In August 2014, the city manager of Black Rock City, Nevada described Burning Man, an annual event at nearby Black Rock Desert, as having "jumped the shark", when the 2014 event—which had been previously noted for core values of radical self-expression and self-reliance—featured incongruously posh VIP lounges, cell phone towers, private jets, and "glamping".
The implication that Burning Man has "jumped the shark" (or is a fallen utopia) is questioned by cultural anthropologist Graham St John, who argues that Burning Man was never a utopia in the first place.

In January 2018, journalist Keith Olbermann criticized the inclusion of esports players on the sports journalism website The Players' Tribune, saying that they "have jumped the shark by publishing pieces by snotty random kids playing children's games" in response to an article by Doublelift, a League of Legends player.

In May 2021, CNBC news anchor Carl Quintanilla proposed that Elon Musk had jumped the shark with his advocacy of cryptocurrencies instead of focusing on Tesla, Inc as it began to lose market share and its stock price began to plunge.

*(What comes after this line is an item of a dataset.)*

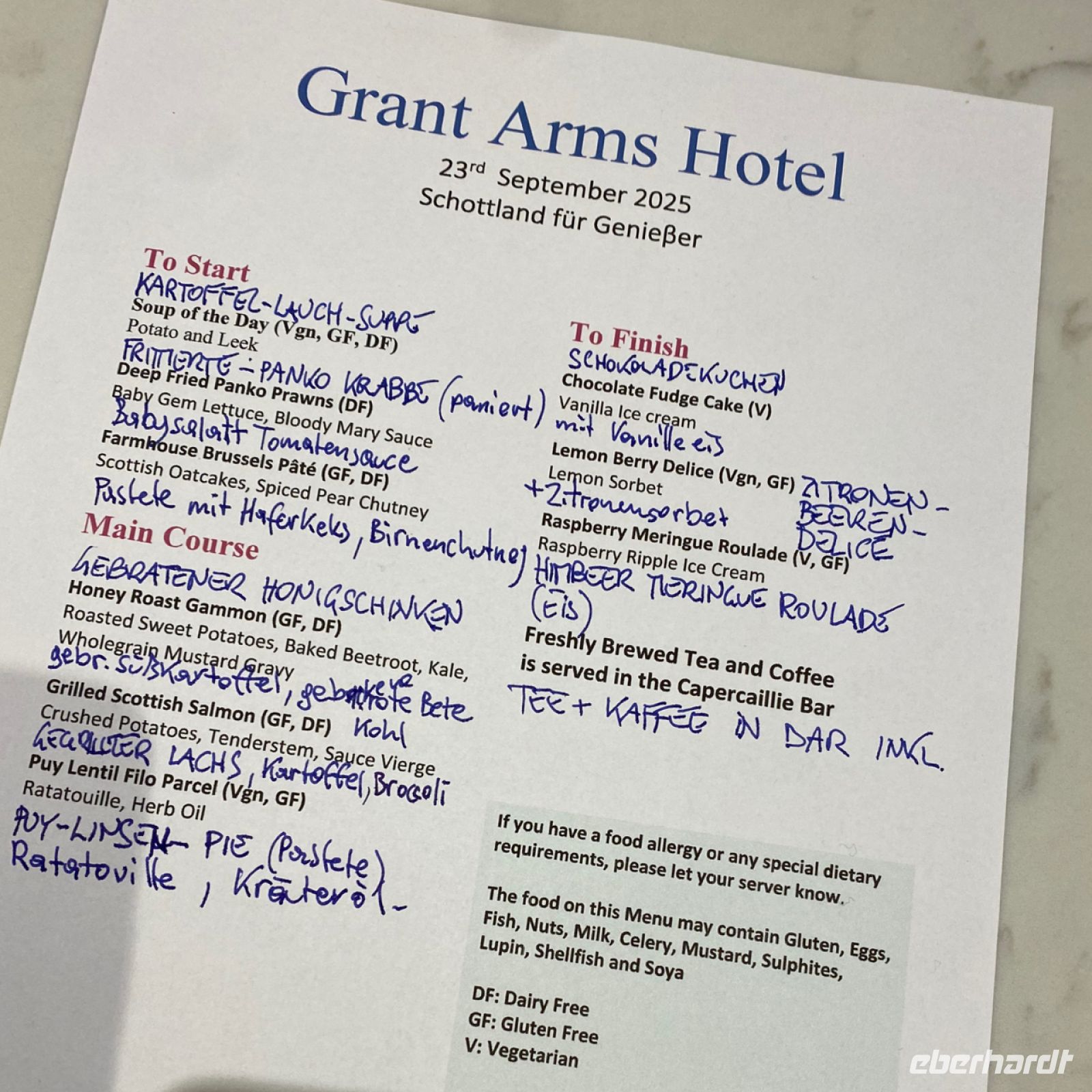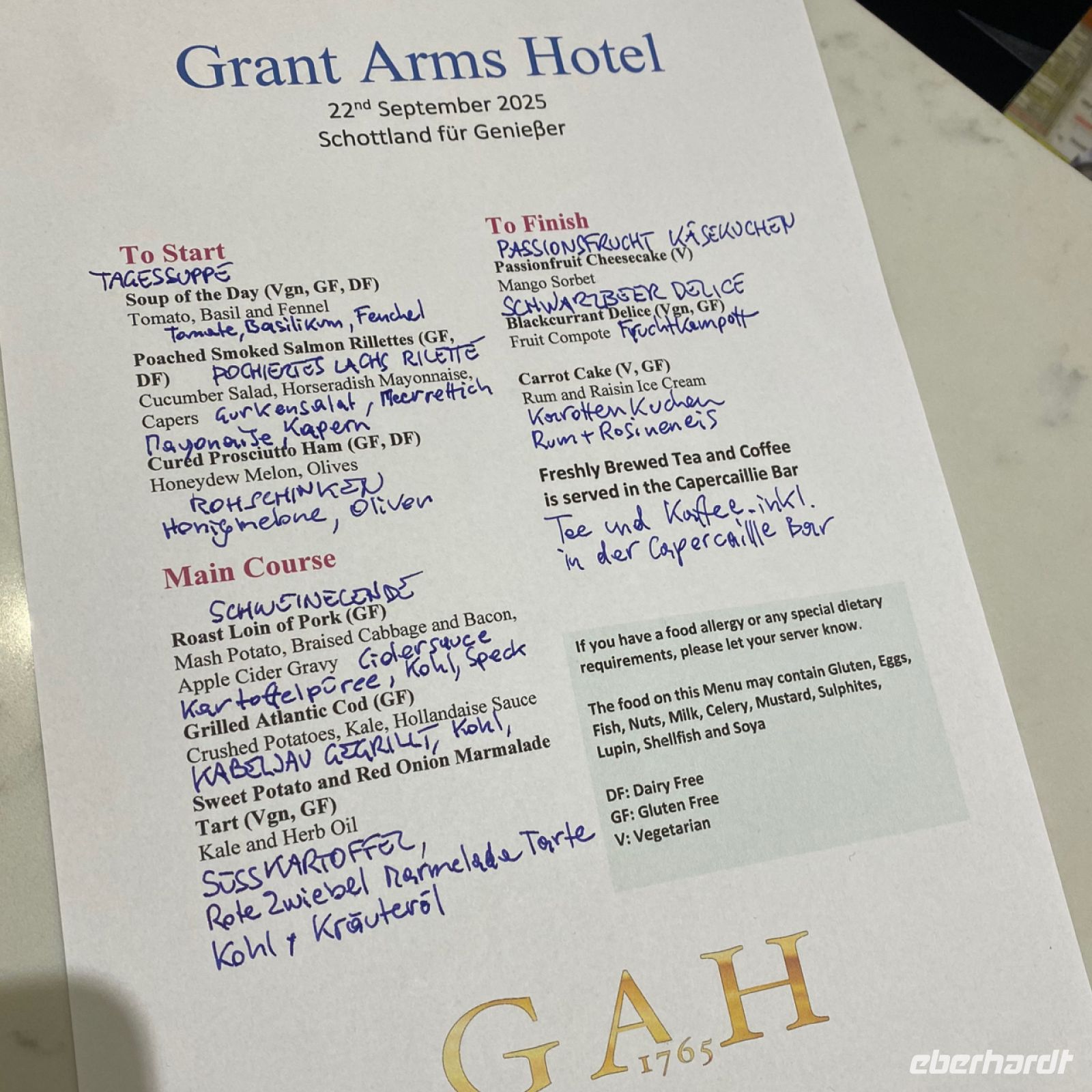 Nun aber, pünktlich zum Einsetzen leichten Nieselregens brechen wir dann zufrieden und beeindruckt auf – es geht wieder zurück nach Edinburgh. Zu unserem Abschlussessen in einem weiteren sehr angesagten und angesehenen Lokal lassen wir uns heute, es regnet mittlerweile in Strömen, sehr gerne mit lokalen Taxis hin- und zurückchauffieren.

Writing in the April 2–3, 2022, edition of the Wall Street Journal, reporter Kathryn O'Shea-Evans quoted an interior designer who remarked that chef's kitchens in homes were  passé.  "Chef's kitchens have jumped the shark. And for what?  Unpacking takeout?"

In February 2023, when newspapers dropped the comic strip Dilbert following cartoonist Scott Adams' racist comments, Mike Peterson, columnist for the industry blog The Daily Cartoonist, said “The strip jumped the shark.” Peterson argued that Adams had “kind of ran out of office jokes and started integrating all this other stuff so after a while, it became hard to distinguish between Scott Adams and 'Dilbert.'"

Related idioms

Nuke the fridge 

In 2008, TIME identified a term modeled after "jump the shark": "nuke the fridge". Specifically applicable to film, the magazine defined the term: "to exhaust a Hollywood franchise with disappointing sequels."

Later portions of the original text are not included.